Geologic formation in Texas and New Mexico, US

The Bone Spring Formation is a geologic formation found in the Delaware Basin in Texas and New Mexico. It preserves fossils dating back to the Leonardian Age of the Permian Period.

==Description==
The formation consists of dark gray deep marine limestone interbedded with shale and sandstone interpreted as turbidites. The total thickness is about 1000 meters. The base of the formation is largely concealed in the subsurface, and the formation is overlain by the Cutoff Shale.
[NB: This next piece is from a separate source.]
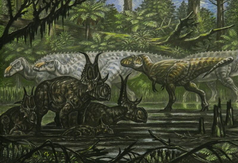 Dinozaury z formacji Wahweap. Grupa Diabloceratops zażywa kąpiel błotną. Do wędrującego stada Acristavus zbliża się Lythronax.
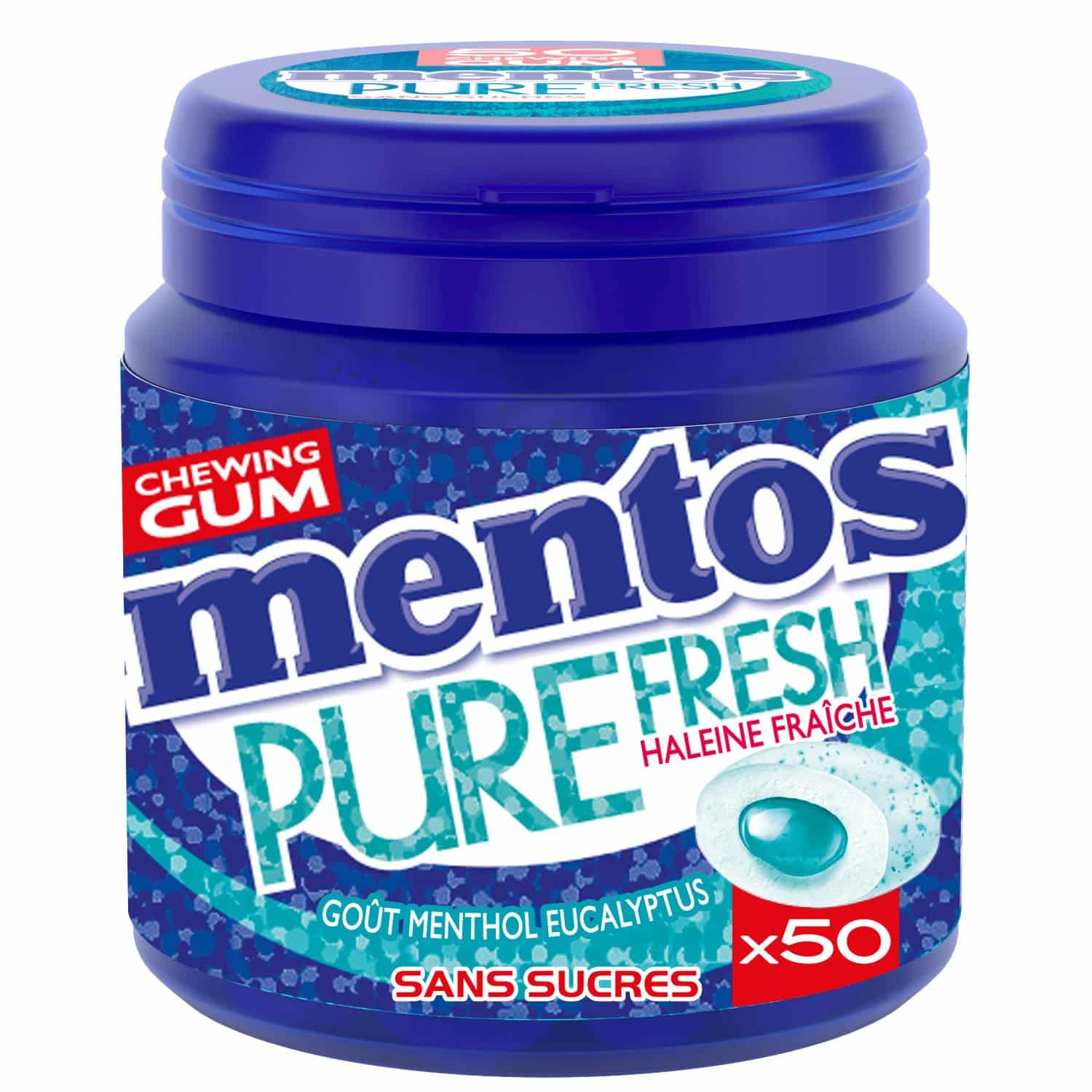 Ingrédients: édulcorants (xylitol (30%), sorbitol, mannitol, sirop de maltitol, aspartame, acésulfame-K), gomme base, stabilisant (glycérol), arômes, maltodextrine, épaississants (gomme arabique, gomme de cellulose, gomme xanthane), fécule, émulsifiants (sucroesters d’acides gras, lécithines (SOJA)), agent d’enrobage (cire de carnauba), huile de noix de coco, antioxydant (E321), colorants (bleu brillant FCF, curcumine).

The formation grades laterally into the Victorio Peak Formation.

The uppermost shale beds of the formation have been assigned to the Avalon Shale.

==Fossils==
The formation contains fossils of the brachiopods Productus leonardensis, Marginifera cristobalensis, Pugnoides texanus, P. bidentatus, and Composita mexicana; the ammonites Peritrochia erebus, Paracelites elegans, Agathiceras texanum, and Perrinites.

==History of investigation==
The formation was first designated the Bone Springs Limestone by Blanchard and Davis in 1929. It has subsequently been demoted to membership as the Bone Canyon Member of the Leonard Formation, renamed the Bone Spring Limestone, and most recently redesigned the Bone Spring Formation. The Cutoff Shale was removed as a separate formation in 1964.

==Economic geology==
The sandstones of the Bone Spring Formation are important petroleum reservoirs with estimated reserves in 1997 of 300,000–375,000 bbl. The formation lies deep in the subsurface in the Delaware Basin, where its shale facies is known as the Avalon Shale.